▽

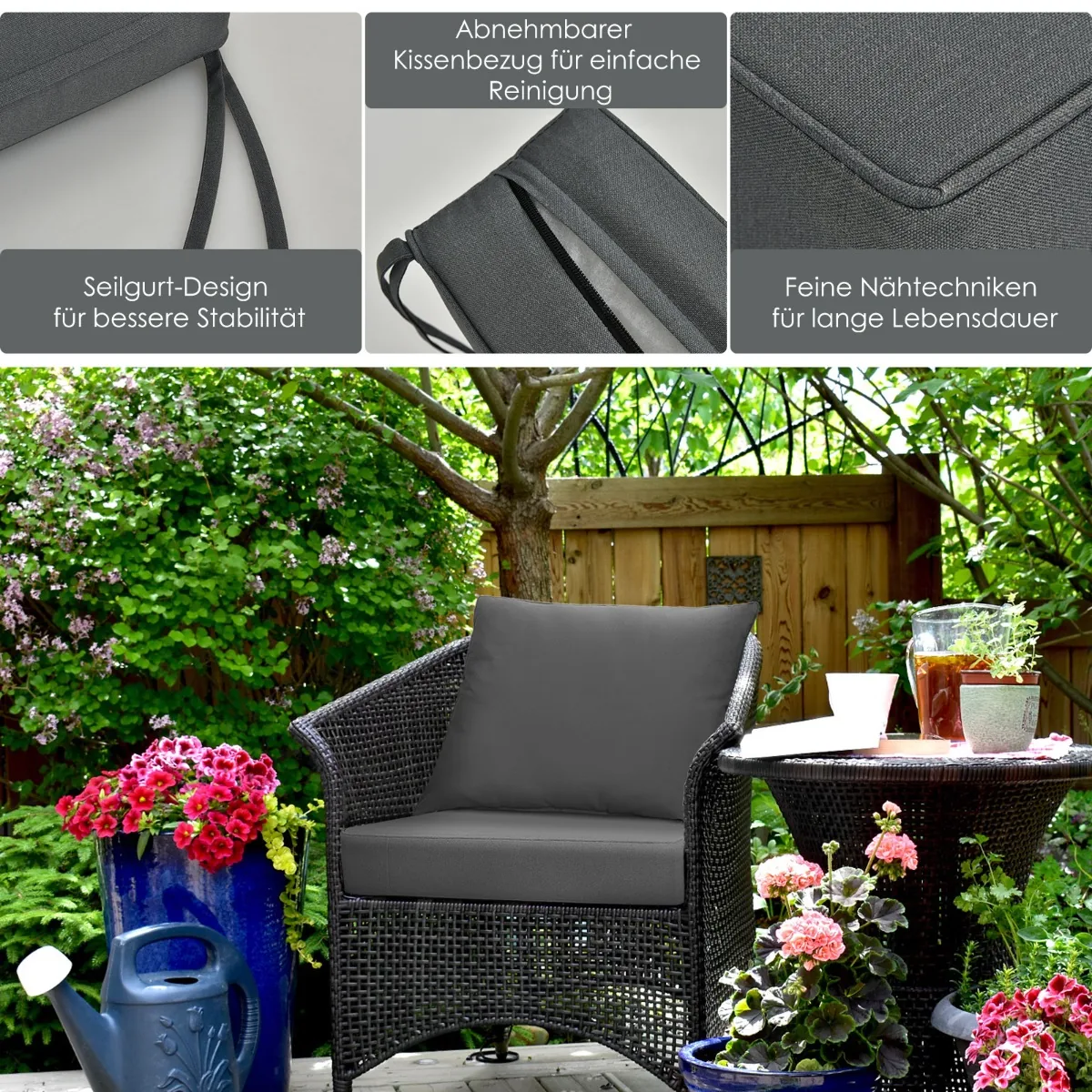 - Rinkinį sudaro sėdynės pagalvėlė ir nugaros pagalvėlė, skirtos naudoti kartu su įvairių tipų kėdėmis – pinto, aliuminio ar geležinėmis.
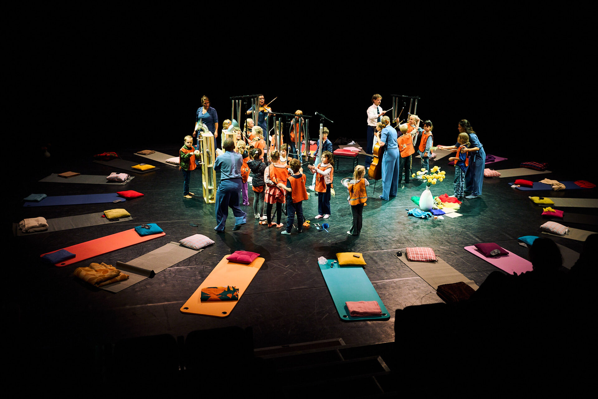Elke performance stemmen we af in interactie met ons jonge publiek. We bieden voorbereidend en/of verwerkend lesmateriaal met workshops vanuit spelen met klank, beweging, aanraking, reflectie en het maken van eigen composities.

△
▽

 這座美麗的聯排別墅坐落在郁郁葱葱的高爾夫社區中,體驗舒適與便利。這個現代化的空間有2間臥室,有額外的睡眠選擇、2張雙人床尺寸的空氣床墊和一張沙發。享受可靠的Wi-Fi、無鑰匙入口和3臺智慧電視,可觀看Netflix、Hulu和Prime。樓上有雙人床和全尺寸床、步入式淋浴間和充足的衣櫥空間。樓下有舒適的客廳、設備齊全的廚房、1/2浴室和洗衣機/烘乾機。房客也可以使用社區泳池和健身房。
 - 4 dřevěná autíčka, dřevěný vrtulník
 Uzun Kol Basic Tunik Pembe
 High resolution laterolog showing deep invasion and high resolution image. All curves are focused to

△

◆ Your instructions ◆
Reproduce exactly, and with no other material, the lines between those holding "- 4 dřevěná autíčka, dřevěný vrtulník" and "High resolution laterolog", inclusive.

◆ Result of the task ◆
 - 4 dřevěná autíčka, dřevěný vrtulník
 Uzun Kol Basic Tunik Pembe
 High resolution laterolog showing deep invasion and high resolution image. All curves are focused to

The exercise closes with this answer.